In this work we studied generalisation capabilities of neural networks trained for the purpose of time series forecasting. We showed that there is a correspondence between good generalisation capability and small input and weight Hessians of the loss function at the minima found after training. A small input or weight Hessian corresponds to the smoothness of the trained function, or, in other words, the resistance of the output function to noise in the input or weights, respectively. The challenge lies in finding the optimal tradeoff between fit of the data and smoothness of the learned function, so as to avoid overfitting on the noise and underfitting on the signal of interest. We showed how to use the learning rate, the batch size and the number of iterations used in the training algorithm to bias the network into minima that posess a certain structure. Other aspects that may influence generalisation capabilities are the kind of activation function used: while not reported we noticed that the network is prone to overfitting when using the piecewise linear ReLU compared to the hyperbolic tangent or the sigmoid function. Furthermore, the network size itself also matters: deep networks, due to the larger amount of parameters, will more easily overfit on the noise, obtaining a low training error but a bad out-of-sample performance.
While this work provided some insight into obtaining good generalisation for time series forecasting, forecasting remains a challenging task due to the non-linear and non-stationary distribution of the data. The typical assumption in statistical learning theory of having i.i.d. samples from some data-generating distribution does not hold in time series: there is a dependence between the obervations through time and the underlying distribution may change due to unobserved variables so that the train and test data might not be identically distributed. A relaxation that has become standard to deal with the independence assumption is to assume that the observations are drawn from a stationary mixing distribution (see e.g. [agarwal13], [mcdonald17]). The authors of [kuznetsov18] provide bounds that also hold for non-stationary time series. A related issue is that of generalisation in neural networks across different noise distributions. As has been mentioned in the work of [geirhos18]
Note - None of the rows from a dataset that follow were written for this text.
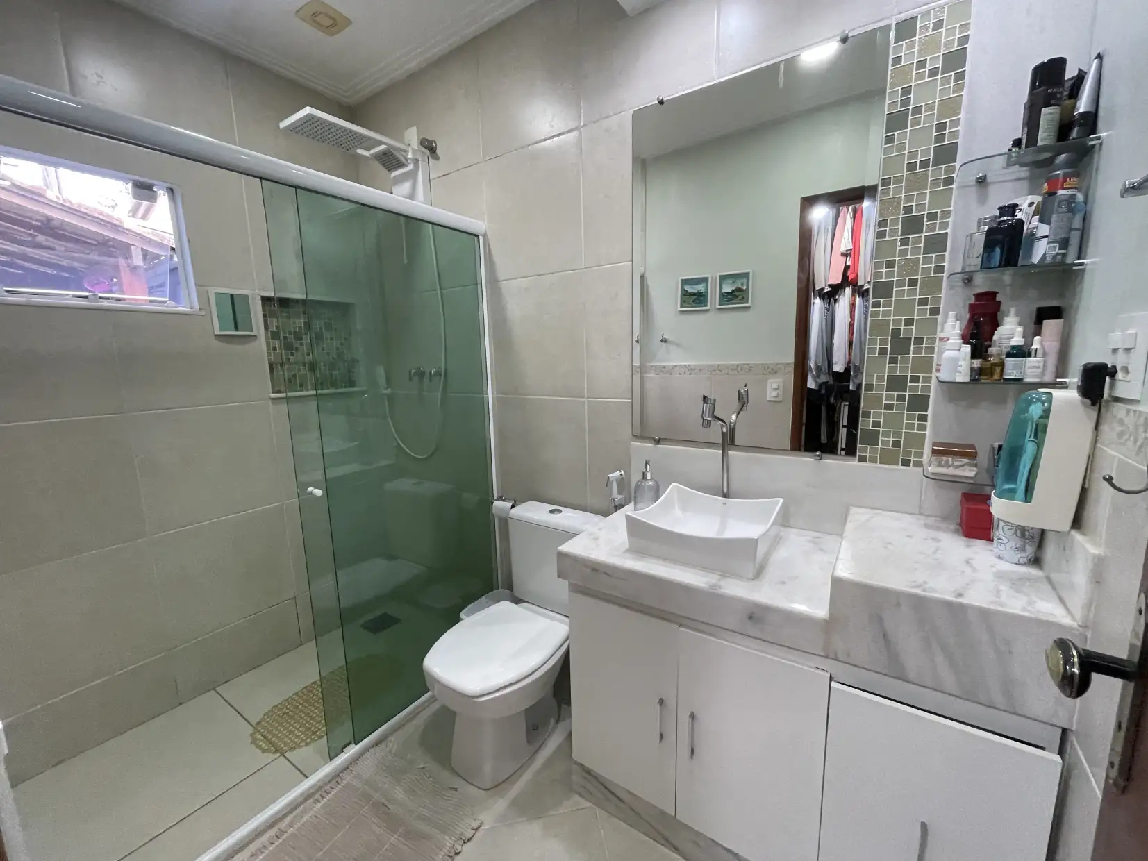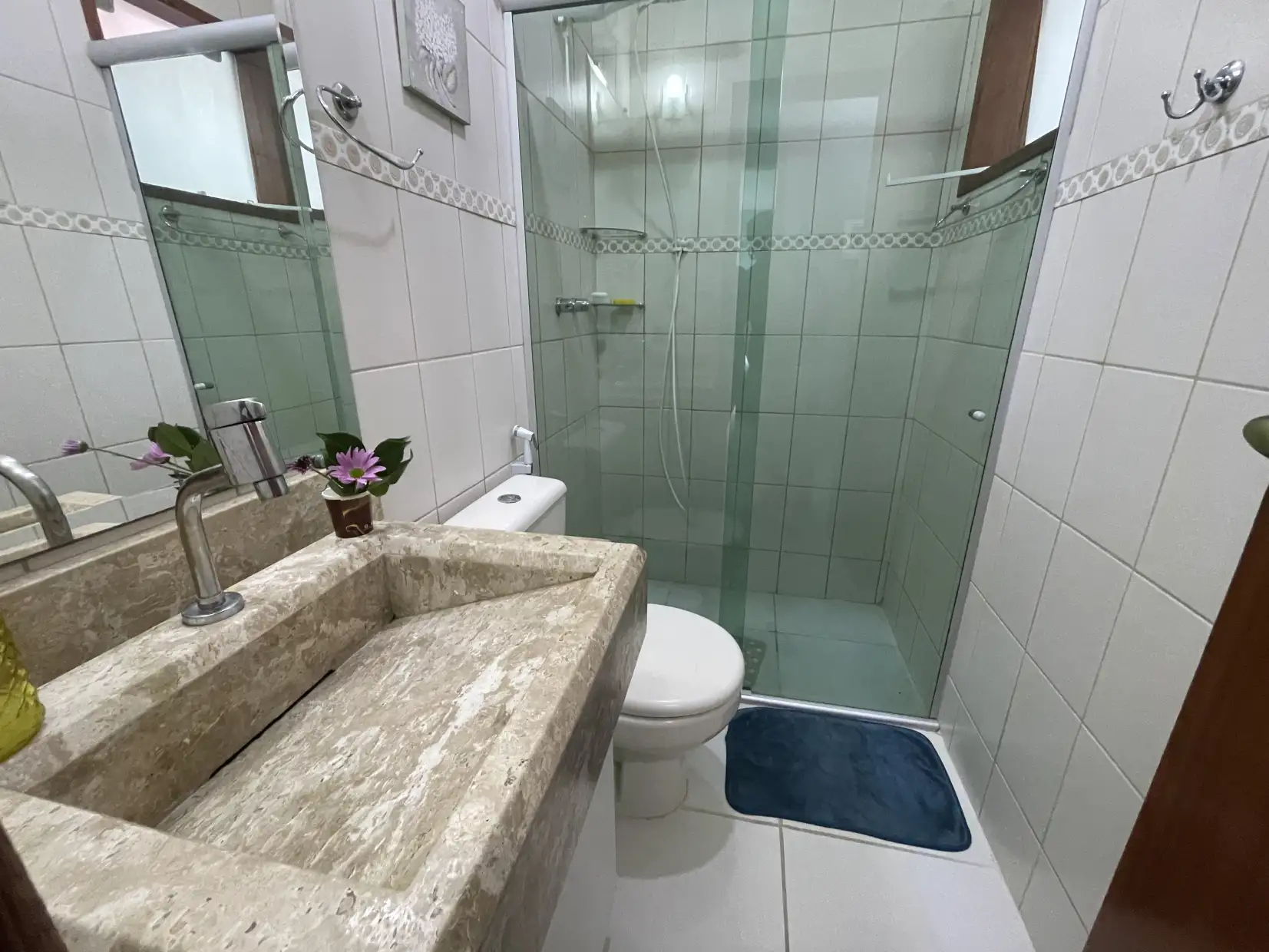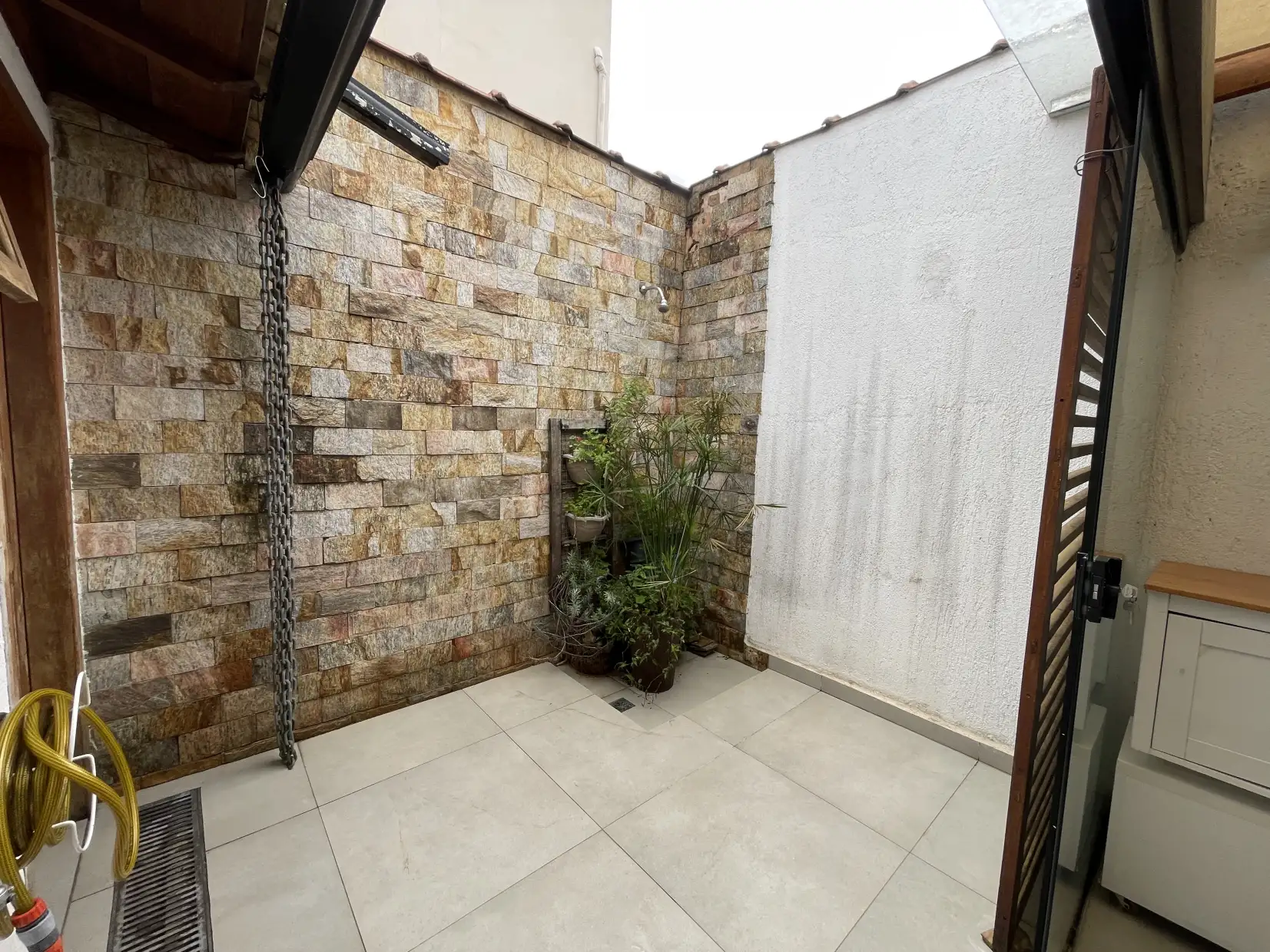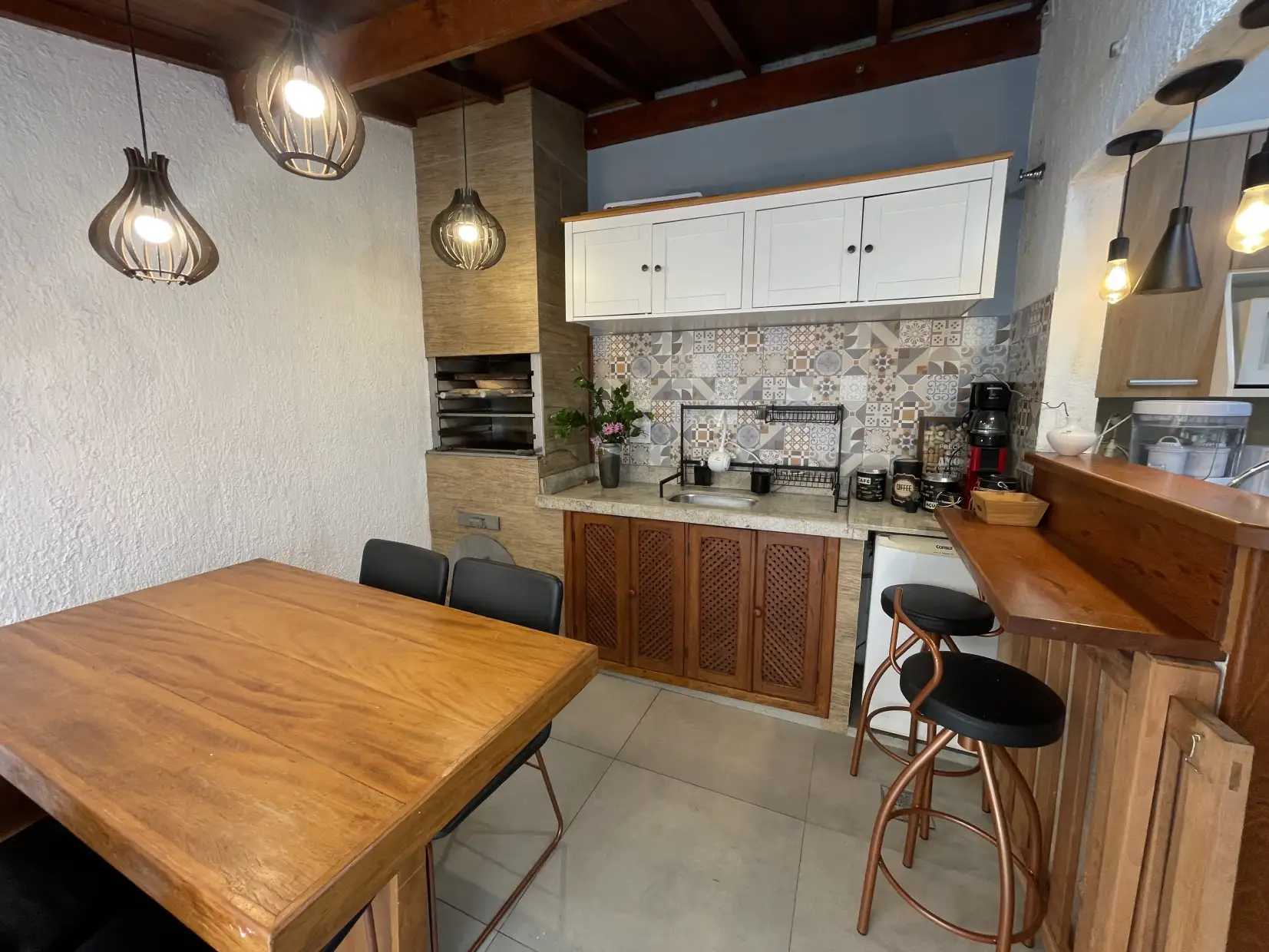 A copa/cozinha possui armários modulados e bancadas em granito, com integração ao espaço gourmet coberto, proporcionando um ambiente extremamente confortável e ideal para reunir família e amigos. Na área externa, dispõe de espaço descoberto com ducha e lavanderia coberta.
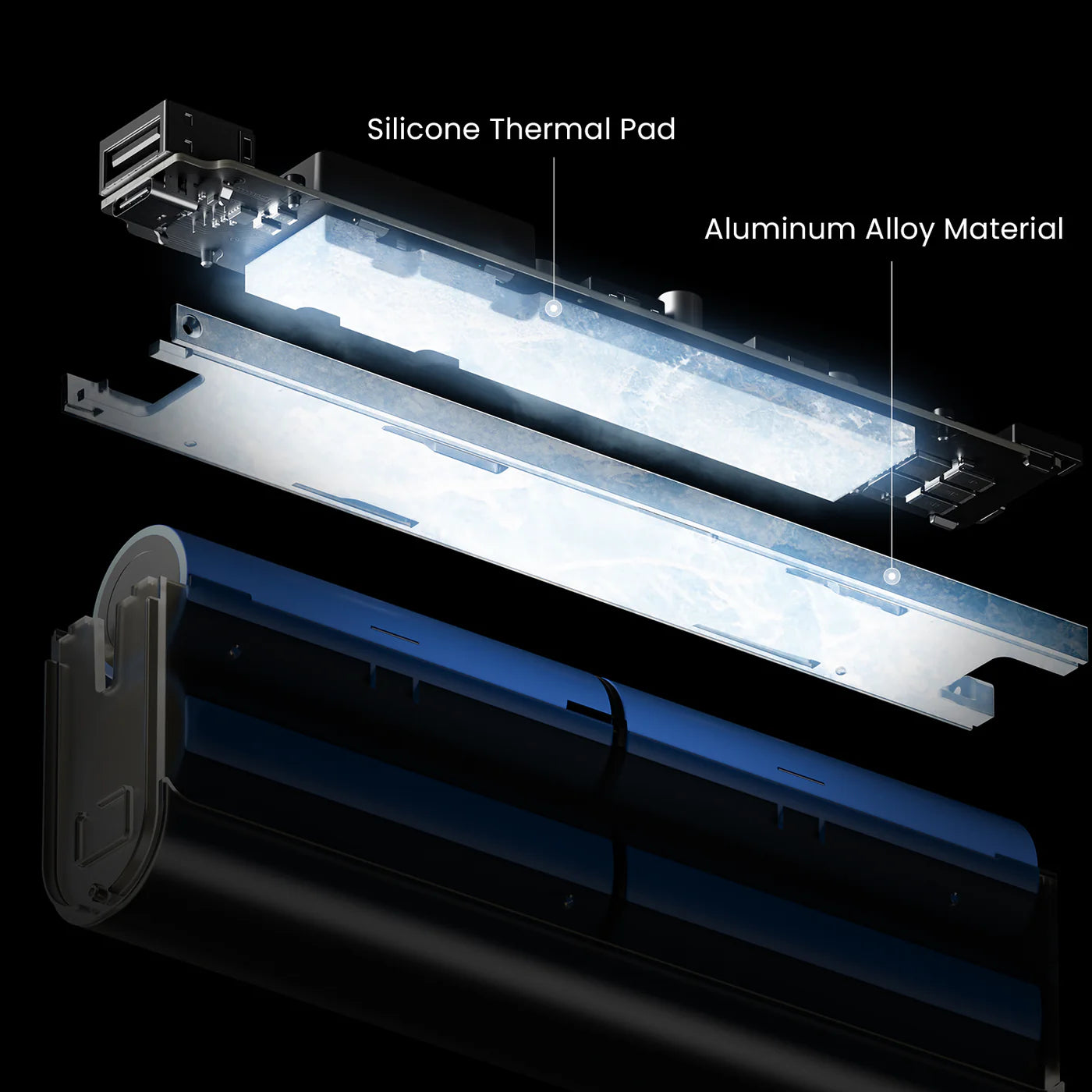 With a spacious aluminum alloy frame and high-performance thermal silicone pad, the cooling system accelerates heat dissipation and facilitates stable high-speed charging even during intense usage.
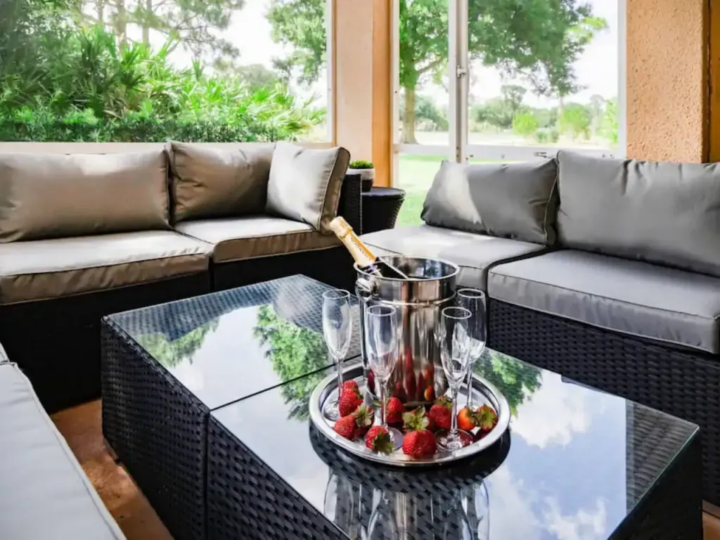 The living room has beautiful views over the golf Pitch and Putt area and is great for relaxing. Comes with a large sofa group, a table, and a large 75-inch Smart TV with Netflix, perfect for catching up on your favorite shows after a long day on the golf course or exploring the local area

, neural networks have trouble generalising when the noise distribution in the data they were trained on differs from the noise distribution in the test dataset. Understanding and solving this issue will prove valuable in time series forecasting, where the distribution of the noise in the observations could change over time. Obtaining theoretical results on e.g. the link between the generalisation error and the Hessian, and understanding how to make machine learning algorithms work in order to generalise in a non-i.i.d. setting is still a relevant and active topic of research which we aim to address in future work.